The History of Commercial Printing

The History of Commercial Printing

Commercial printing has existed for as long as people could record written language. However printing in the modern sense did not really occur on a mass scale until 1436 when Johannes Gutenberg developed a low cost solution that allowed printing on a massive scale. This allowed the Europeans to industrialize printing and make books affordable for the mass public which ultimately allowed for a rise in education and therefore an increase in the standard of living.

Printing had continued to be developed throughout history. When the industrial revolution came around, paper began to be massed produced and printing presses were improved to allow the introduction of newspapers. The consequences of printing were vast. In fact many historians will agree that the press played a significant role in the American, French, and even the Russian revolutions.

Since the quest for knowledge lies at the heart of every human being, the commercial printing industry had to continue to become creative. In the 1890s, graphic design was introduced into newspapers which allowed printers to publish photographs with their stories. The early forms of photojournalism required an engraving of the photo, which normally imposed limitations on how many pictures a printer could print. As the ability to print photos matured, you began to see newspapers with picture advertisements, magazines, and even mail in order catalogues.

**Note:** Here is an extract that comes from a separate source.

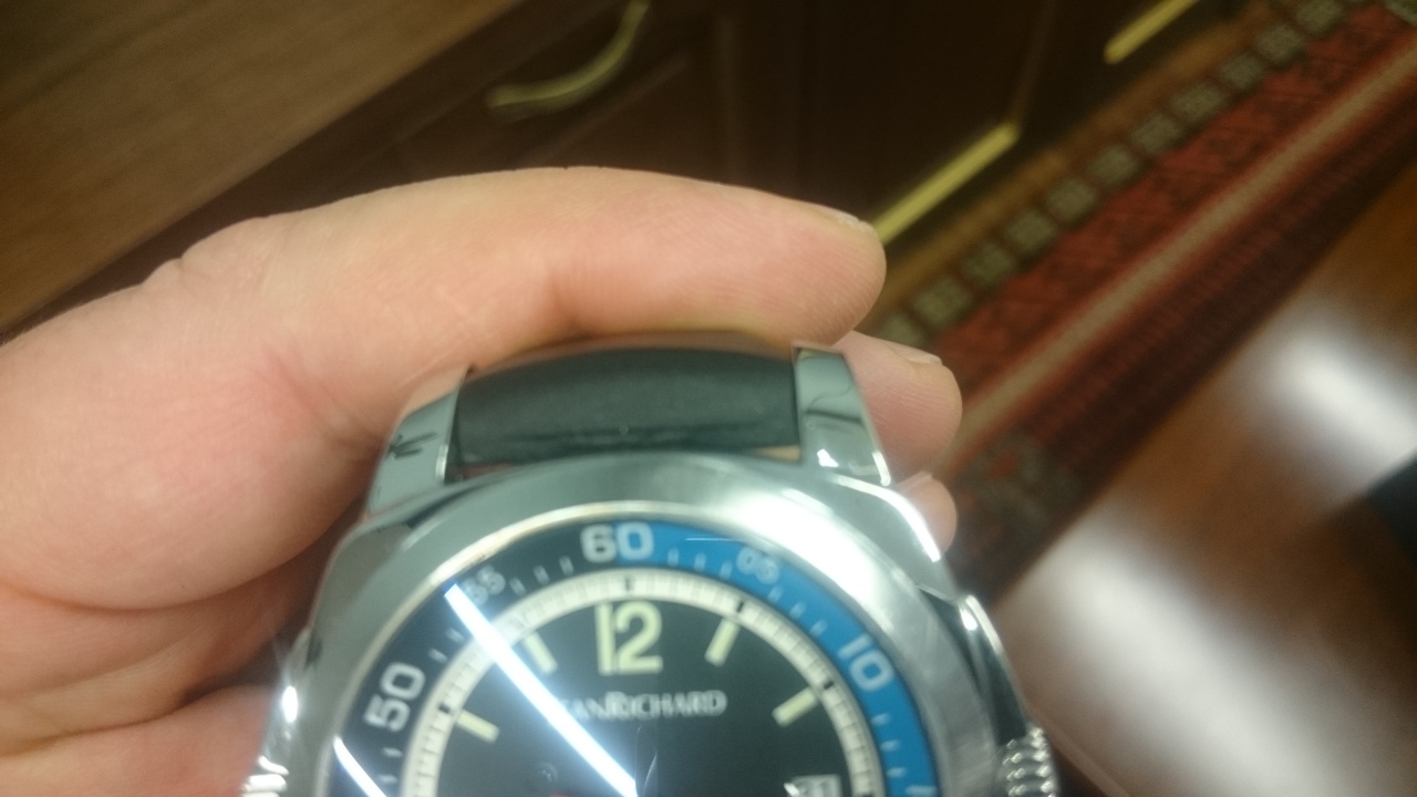 Часы прекрасно ложатся на руку, в отличие от большинства дайверов они не слишком высоки, каучук мягок и удобен. Часы на полном комплекте и в отличном состоянии. Причина, по которой не поставил АА - в месте крепления каучука к часам он дал трещинки (см.фото). Честно говоря, их вообще невозможно заметить, если специально не отогнуть и посмотреть. Поэтому - А. Мелкие царапки легко уберутся полировкой на 1 тон. При серьезном интересе могу укомплектовать хорошим кожаным ремнем от кого-нибудь из форумных мастеров.

Specialty printing also continued to grow as well. In 1823, Frenchman Louis Braille developed his code for the French Alphabet. It was meant to not only help the blind read, but since there was no electricity at the time, many people found the system beneficial for reading at night. Printing books in Braille required raise printing so that the bumps on the page could be felt by the reader. The commercial printing industry delivered and made published content available to millions of people who were blind. This allowed people who couldn’t read regular print to get an education.

Overtime commercial printing had to meet other requirements from the public. For example, architects and contractors began to print blueprints for buildings. This required printers to print on non standard paper sizes and lead to special stock printing. Magazines and newspaper advertisers wanted to make their content stand out and appear attractive to the general public. Thus UV gloss printing was developed to make high gloss content available. This also allowed for spot gloss printing for people who only wanted to make high gloss on certain parts of a print, say to highlight their name on a business card for example.

Today printing has grown into a massive industry. Printers have been able to print on laser printers, inkjet printers, or even print digital content. Many magazines are laid out completely on a computer prior to printing which allows for review. You can even get a 3D printer which allows you to print a model. Today, Graphic design is one of the huge industries related to printing and allows people to produce rich content from illustrations to newspapers, or even models. With advances in design programs and commercial printing, this industry will be ever evolving. What will tomorrow bring?